Support Provides Relief for Caretakers
When Lena began chemotherapy for Stage IV colon cancer, she considered her job “was to take care of myself and rest, and that’s what I did.” As the chemo continued, the effects got worse and Lena would be knocked down for days.
During treatment, Lena had three children still living at home, and her husband worked full-time. As her husband noted, “how am I supposed to keep working and take care of you and take care of everybody else?” So when people offered to help, Lena’s husband gratefully accepted.
Meals were delivered two to three times a week from October to June. Four women took turns each week with the laundry until Lena’s children took over this responsibility. And another woman came over to clean just the first floor of the house. As Lena observes,
…it’s just how people, how people want to help, and they just so want to help and I think it’s important to let them help. Because I know people that keep things to themselves and don’t let people know what’s going on with their family and don’t know how to accept the help. And, we did. We just let anybody do whatever they wanted to do, and my, cancer battle was a very public battle with everything that my husband would write on, the Caring Bridge and everything. It was, we were very open with it, and I think people appreciated that and felt a part of it.
Lena
Accepting offers of help provides much needed relief to the primary caretakers of those with serious illness.

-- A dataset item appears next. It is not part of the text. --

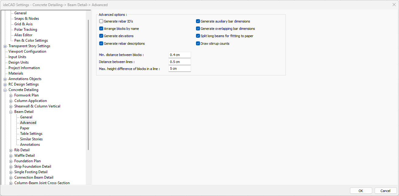Generate rebar ID’s ![]() If checked, rebar ID’s are shown in the drawings. If not checked, it will not be displayed. |
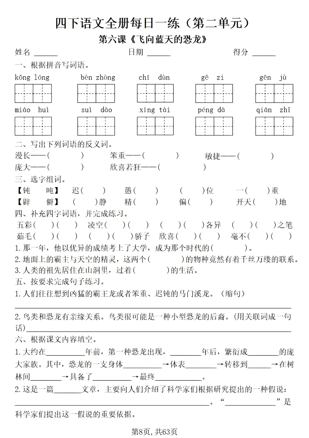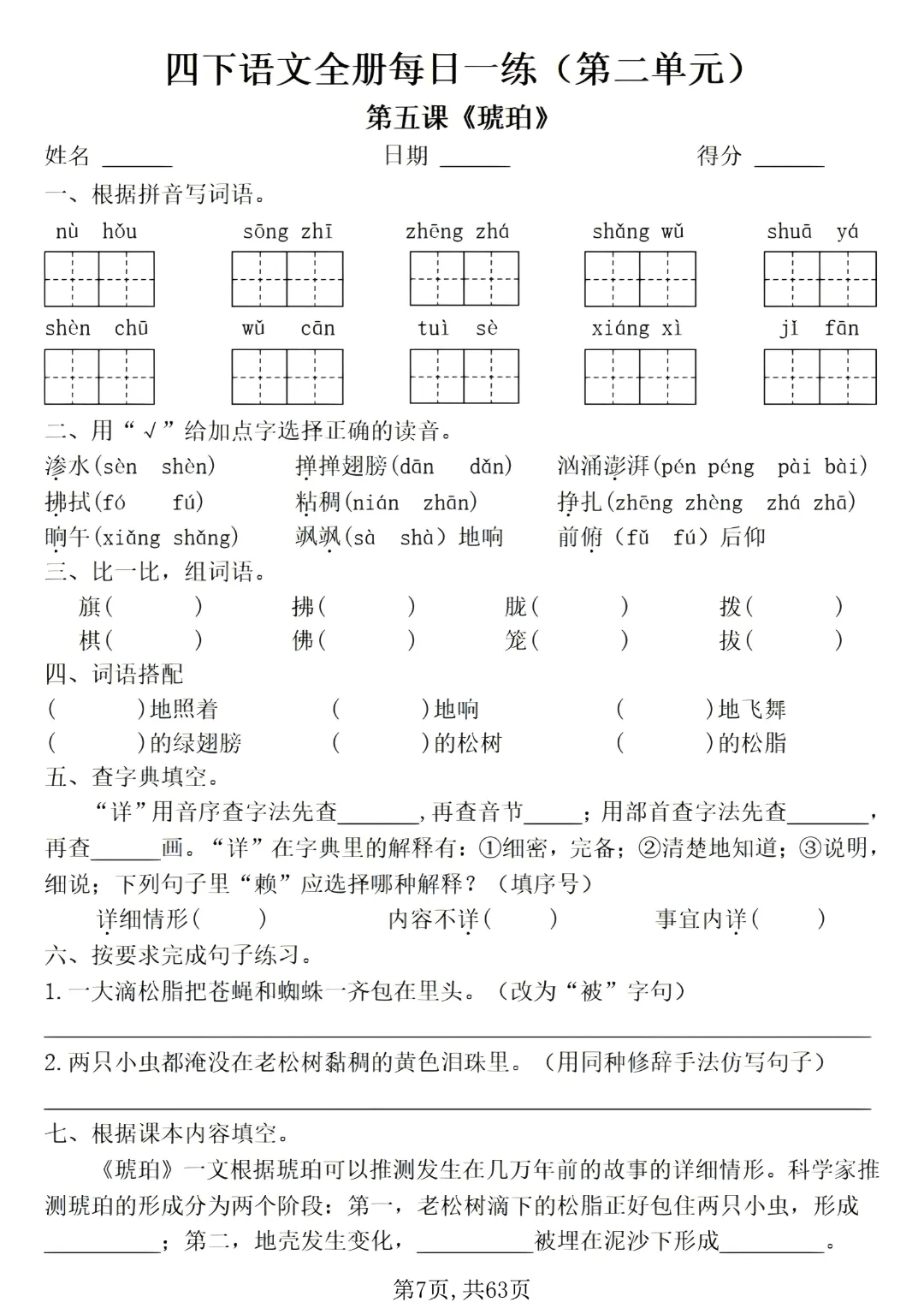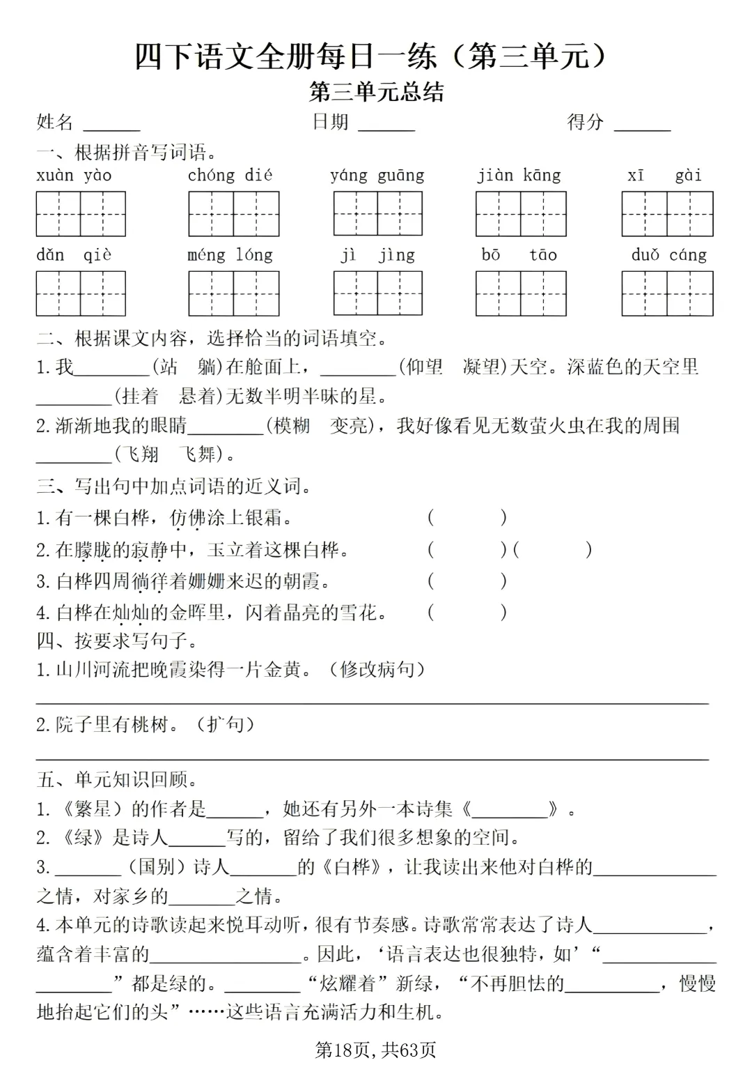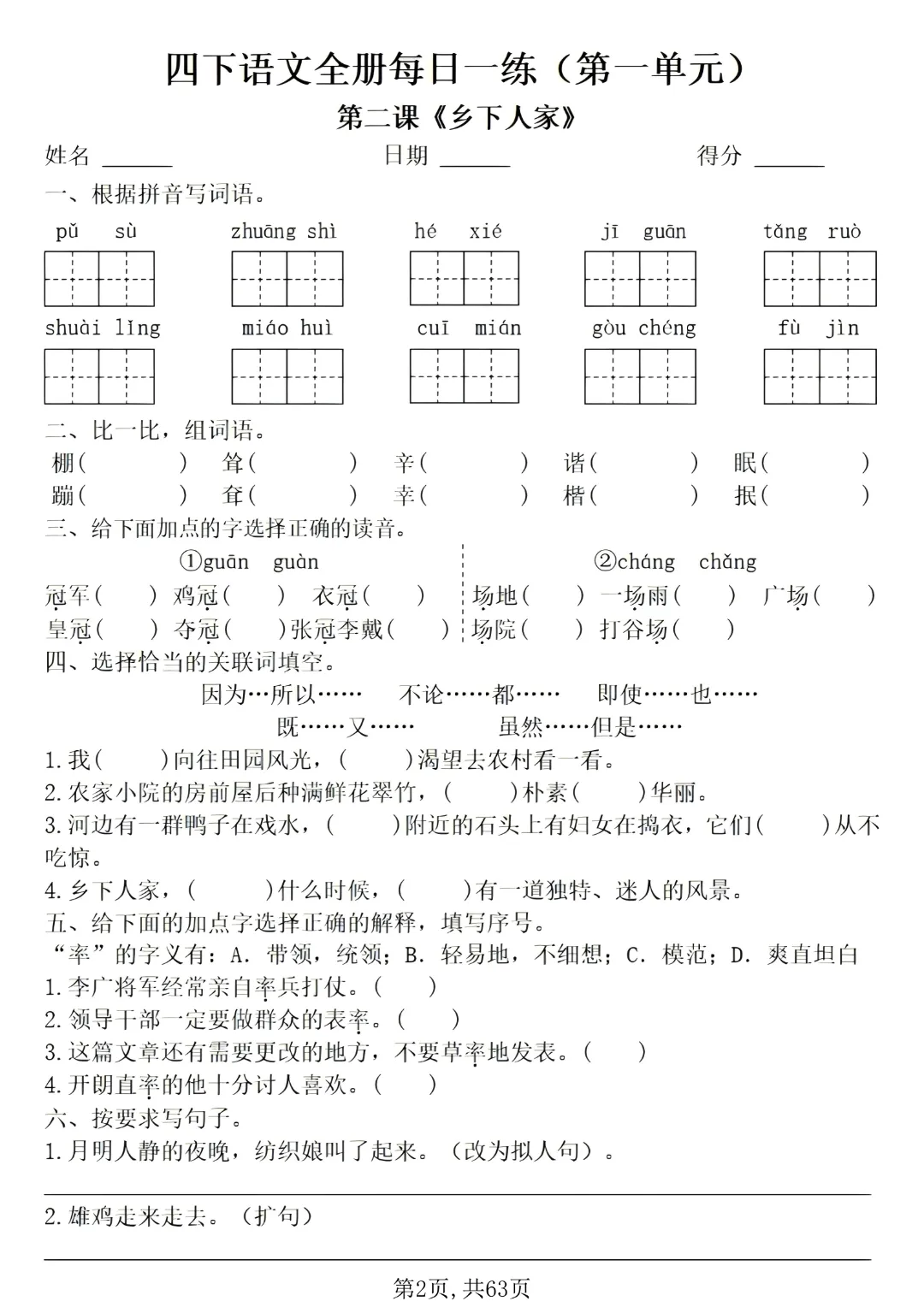 26年春四年级下册语文《一课一练 部编版》练习·学习必备·高清完整可打印

5 Points to Consider When Help is Offered
- People offer support because they genuinely care and want to help
- Offers of help provide needed relief and support, not just for the patient, but caretakers and family members as well
- Support allows the patient to focus on treatment and recovery
- ‘Share what types of support may be needed. People may offer to help but don’t know what needs to be done. Others may not offer because they don’t know what may be needed.
- Accepting help can provide unanticipated gifts both for you as well as those providing support.
When illness strikes, it is difficult to acknowledge that help may be needed, that you can’t do this all on your own. Support during a serious illness, however, allows the focus needed to optimize treatment and recovery.
* Quotes in this post are from interviews conducted for my book, Navigating Illness: The Patient Experience, a work in progress. Names were changed upon an individual’s request.